Maia Lewis MNZM

Personal information
- Full name: Maia Ann Mereana Lewis
- Born: 20 June 1970 (age 56) Christchurch, New Zealand
- Batting: Right-handed
- Bowling: Right-arm medium
- Role: Batter

International information
- National side: New Zealand (1992–2005);
- Test debut (cap 96): 11 January 1992 v England
- Last Test: 21 August 2004 v England
- ODI debut (cap 58): 19 January 1992 v Australia
- Last ODI: 7 April 2005 v India
- Only T20I (cap 5): 5 August 2004 v England

Domestic team information
- 1987/88: Southern Districts
- 1988/89–1992/93: Canterbury
- 1993/94: North Harbour
- 1994/95–2005/06: Wellington

Career statistics
| Competition | WTest | WODI | WT20I | WLA |
| Matches | 9 | 78 | 1 | 197 |
| Runs scored | 252 | 1,372 | 25 | 4,497 |
| Batting average | 21.00 | 22.49 | 25.00 | 29.01 |
| 100s/50s | 0/2 | 1/4 | 0/0 | 3/23 |
| Top score | 65 | 105 | 25 | 105 |
| Balls bowled | – | 30 | – | 942 |
| Wickets | – | 0 | – | 17 |
| Bowling average | – | – | – | 34.41 |
| 5 wickets in innings | – | 0 | – | 0 |
| 10 wickets in match | – | 0 | – | 0 |
| Best bowling | – | – | – | 2/14 |
| Catches/stumpings | 6/– | 30/– | 0/– | 67/– |
- Source: CricketArchive, 15 April 2021

= Maia Lewis =

New Zealand cricketer (born 1970)

Maia Ann Mereana Lewis (born 20 June 1970) is a New Zealand former cricketer who played as a right-handed batter. She appeared in 9 Test matches, 78 One Day Internationals and 1 Twenty20 International for New Zealand between 1992 and 2005. She captained in 1997 and between 2003 and 2005. She played domestic cricket for Southern Districts, Canterbury, North Harbour and Wellington. Lewis also represented New Zealand in Hockey, and Indoor Cricket, making her a triple international athlete.
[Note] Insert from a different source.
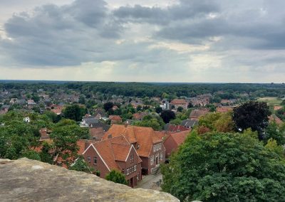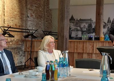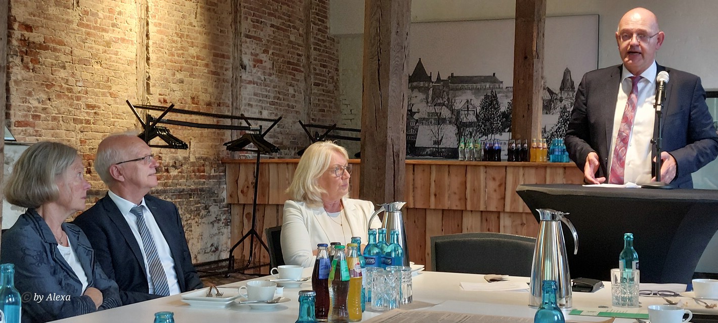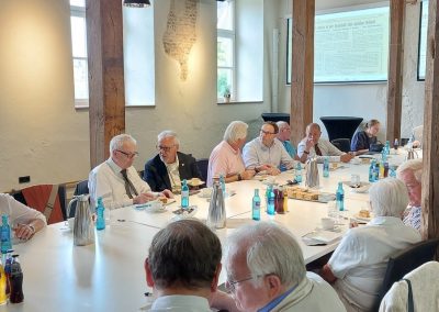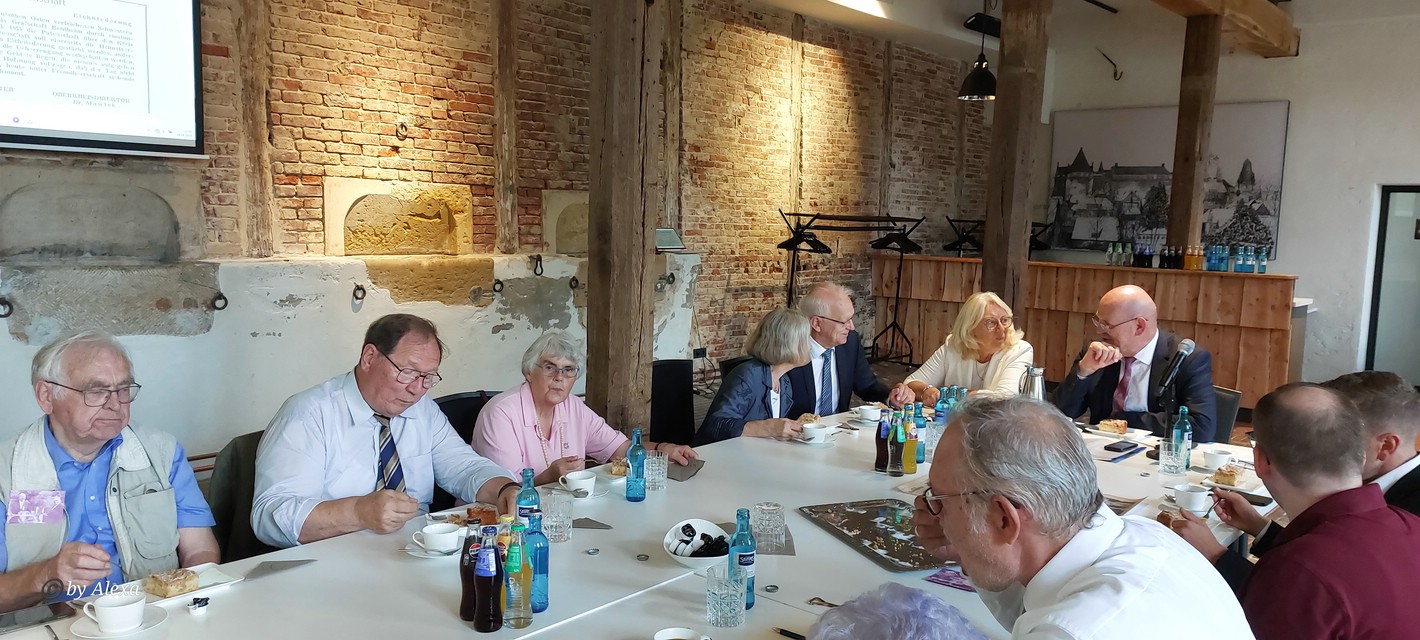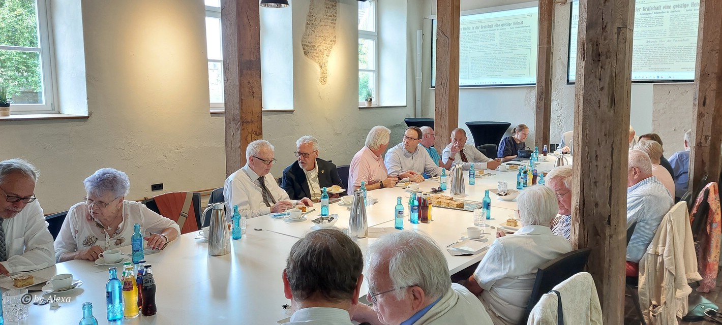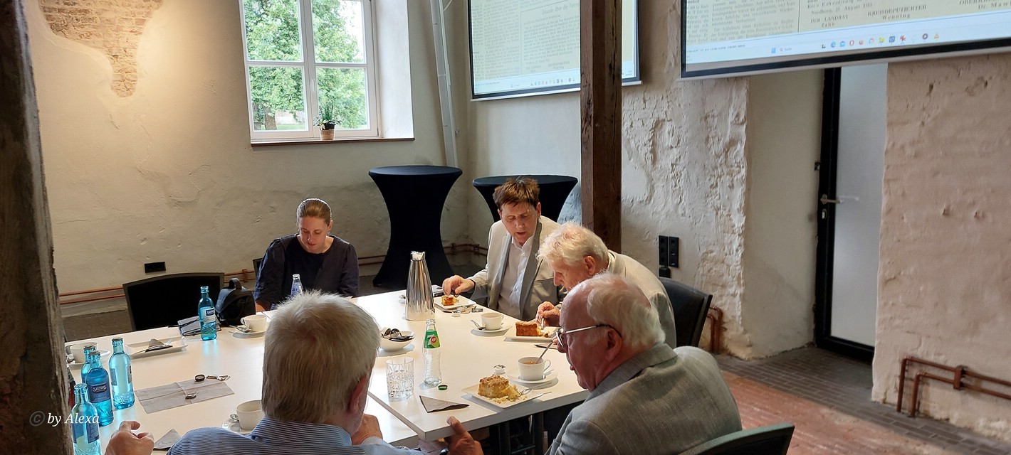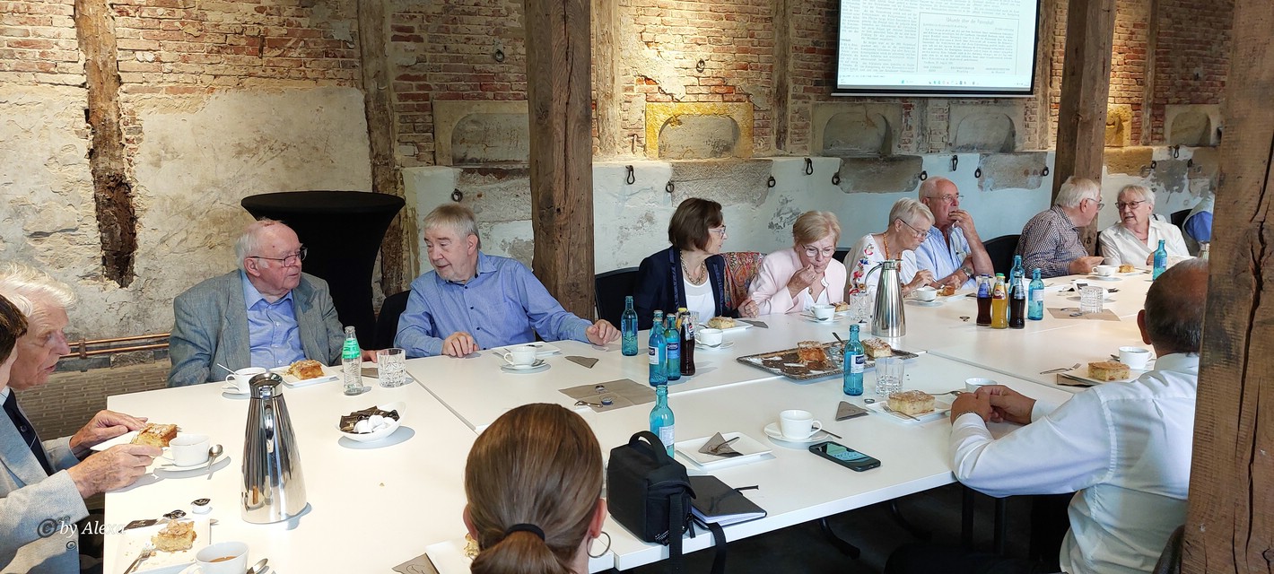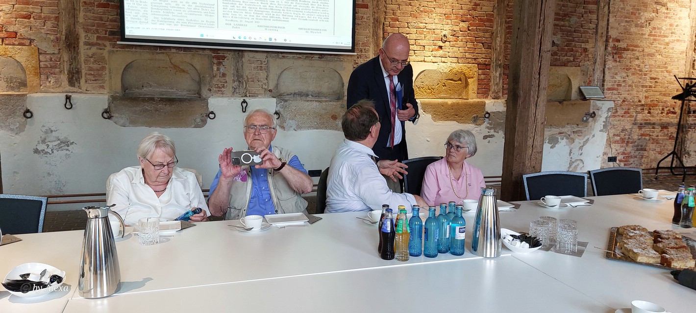 Die Teilnehmenden fanden sich dann am 28. August 2025 auf der Burg in Bad Bentheim ein. Zunächst war in den Marstall eingeladen worden. Bei Kaffee und Kuchen würdigten Herr Fietzek und der Kreisvertreter, James-Herbert Lundszien die Patenschaft.

She retired from cricket in 2005. In the 2006 Queen's Birthday Honours, Lewis was appointed a Member of the New Zealand Order of Merit, for services to women's cricket.

Post-retirement, Lewis has worked as Auckland cricket Women's Cricket Manager and Auckland Hearts coach from 2006 to 2012. And later in various other sporting roles, including with the Halberg Disability Sport Foundation, and on the boards of Blind Sport New Zealand and Northland Cricket Association.